50.  Limitations upon Use of Streets by Motor Vehicles for Hire. - Under the well-settled rule that a municipality having the power to regulate the use of its streets may pass any reasonable ordinance within its delegated powers governing automobile traffic on the streets, it has been generally held that a municipality has a right to pass an ordinance prohibiting or limiting the use of certain streets by motor vehicles operated for hire.   Thus, an ordinance prohibiting chimneys from using public streets, unless they paid additional license tax, was held reasonable and valid, as was an ordinance prohibiting jitney buses from operating within certain designated zones.   Likewise, where a motor bus line running between two cities was prohibited by virtue of an ordinance in one of the cities, from using certain streets when running through that city, it was held that the ordinance was reasonable because it tended to relieve the congested traffic conditions of the city.   It has, however, been held that an ordinance for bidding duly licensed cabdrivers to operate their vehicles on the principal streets of the city between certain points, except to discharge and take up passengers on prior calls, in which case the vehicle must enter and leave the street at the point nearest the place where the passenger is to be taken or discharge, is an unconstitutional interference with the rights of such drivers.

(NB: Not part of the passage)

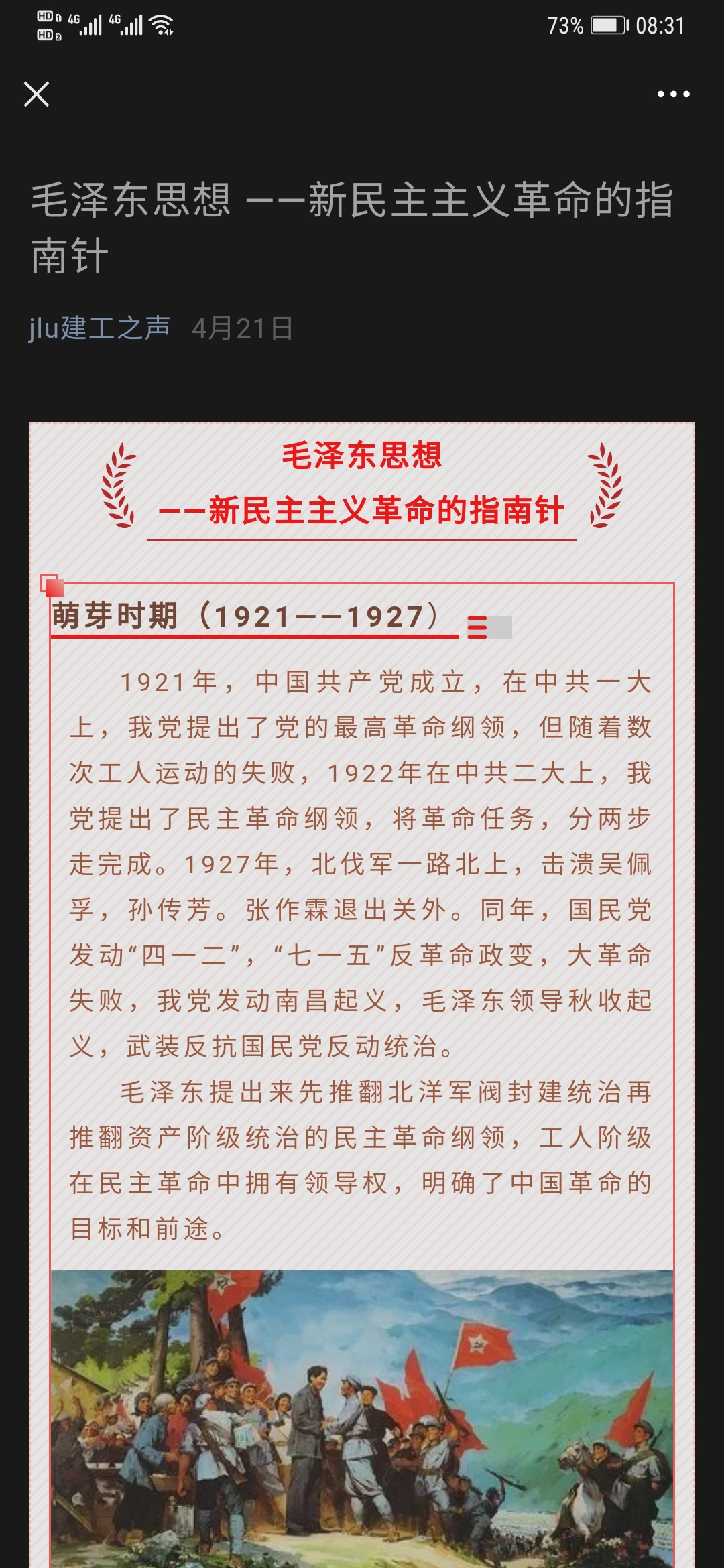 公司党委利用公司水工楼大厅电子屏幕,定期投送党史专题教育幻灯片,目前已经投送七个专题的学习内容;充分利用新媒体平台,在公司微信群中开展“党史百年天天读”活动,每天为教职工推送“党史上的今天”相关内容;利用公司“建工之声”微信公众平台,开展“毛泽东思想-新民主主义革命的指南针”线上学习活动,以及“开天辟地-中国共产党第一次全国代表大会”线上学习活动。

        Note that section 50 has to do with COMMERCE/BUSINESS.   Note the terms used that apply to COMMERCE/BUSINESS:
        What class license is issued to a cab driver?   If you don't know then simply call your local cab company and ask what class license is required to be hired as a cab driver.   In California the class is Class C, which is the the class license issued to nearly everyone who wants to use a car, truck, or van.

        Predicated on the foregoing information, we've been mislead.   Everyone who's got a Class C license is PERMITTED to use the streets and highways for COMMERCIAL/BUSINESS = TRAFFIC purposes, however that same license is NOT REQUIRED to travel by car, truck or van for NONCOMMERCIAL household purposes or for the common purpose of NONCOMMERCIAL travel.   The Class C license PERMITS the use of a "motor vehicle" to deliver/carrry/haul passengers or merchandise from Point A to Point B for compensation or hire.